All 50 subjects completed the study. Their mean BMI was 24 kg per square metre at baseline visit and 23.8 at final visit. A slight but significant reduction in the mean weight was obtained after 1, 2 and 4 weeks of treatment when compared with the baseline value (63.8 kg at baseline and 63.4 after 4 weeks).

Cellulite clinical score without pinching

When compared with the baseline values, the clinical score showed a significant decrease over time only on the treated side at T2W, with a significantly higher reduction between T0 and T2W for the topically treated side than for the untreated side (P < 0.001). At T4W, there was a reduction in the clinical score on both sides vs. baseline values, but this reduction was statistically greater on the topically treated side than on the untreated side (P = 0.006) (Fig. 1). This means that the dietary advice contributed a slight but significant benefit to the cellulite score, whereas on the topically treated side an additional beneficial effect on the ‘orange peel’ visibility was obtained.

Figure 1.

Benefit of a topical slimming cream in conjunction with dietary advice (1)

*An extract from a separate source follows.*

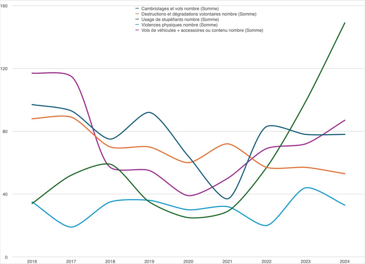 Les données du Ministère de l’Intérieur prouvent que l’installation de caméras n’a pas de résultat notable pour notre ville (Cf. graphique ci-dessus).

The cellulite clinical score after pinching

This evaluation also proved an additional beneficial effect of the topical treatment, because the difference in the evolution of the score between T0 and T4 weeks was highly significant in favour of the topically treated side (P = 0.006) at T4 weeks (Fig. 2).

Figure 2.

Benefit of a topical slimming cream in conjunction with dietary advice (2)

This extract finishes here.